## Data segment

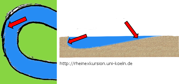 - Wie nennt sich das kurveninnere Ufer (im Strömungsschatten), an dem Material wegen der geringeren Strömung abgelagert wird?
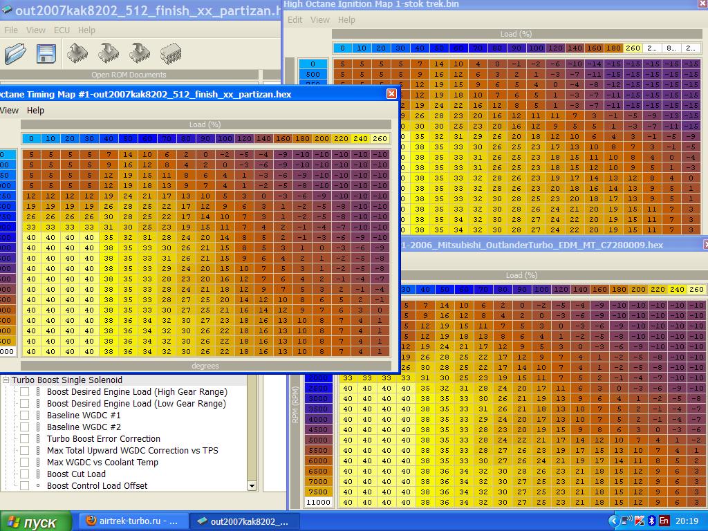 несколько дней назад я последний раз подправлял карты. делал логи (на 3й в подъем, да и 4й немного) кноков не было можно сказать, темпер 900 строго был. сегодня ехал в курск, есть прямые участки где можно лупануть. в обще на пружине хотел посмотреть егт. стрела дошла до 900 и застыла. дай думаю на бусте. в общем стрела уверенно переваливала за 900. это было на 1.3. включил на кило. то же самое, стрела уверенно переваливала за 900. и я ума не приложу в чем дело. к сожалению ноута не было с собой чтобы лог сделать. ехала хорошо, ровно, без поддергиваний.
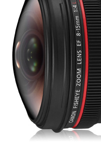 Il est inutile d'acheter deux objectifs spécialisés lorsque l'EF 8-15mm f/4L Fisheye USM offre des images fisheye plein format ou circulaires lorsqu'il est utilisé avec des appareils photo dotés d'un capteur 24 x 36 mm (plein format). Pour les photographes utilisant un reflex avec un capteur plus petit, les images plein format sont possibles. Avec un champ visuel diagonal à 180°, capturer l'intégralité d'une scène dans une image unique n'a jamais été aussi simple.

## Goal of the exercise
Give the listing again exactly, minus its images.

## Answer to this task
 - Wie nennt sich das kurveninnere Ufer (im Strömungsschatten), an dem Material wegen der geringeren Strömung abgelagert wird?
 несколько дней назад я последний раз подправлял карты. делал логи (на 3й в подъем, да и 4й немного) кноков не было можно сказать, темпер 900 строго был. сегодня ехал в курск, есть прямые участки где можно лупануть. в обще на пружине хотел посмотреть егт. стрела дошла до 900 и застыла. дай думаю на бусте. в общем стрела уверенно переваливала за 900. это было на 1.3. включил на кило. то же самое, стрела уверенно переваливала за 900. и я ума не приложу в чем дело. к сожалению ноута не было с собой чтобы лог сделать. ехала хорошо, ровно, без поддергиваний.
 Il est inutile d'acheter deux objectifs spécialisés lorsque l'EF 8-15mm f/4L Fisheye USM offre des images fisheye plein format ou circulaires lorsqu'il est utilisé avec des appareils photo dotés d'un capteur 24 x 36 mm (plein format). Pour les photographes utilisant un reflex avec un capteur plus petit, les images plein format sont possibles. Avec un champ visuel diagonal à 180°, capturer l'intégralité d'une scène dans une image unique n'a jamais été aussi simple.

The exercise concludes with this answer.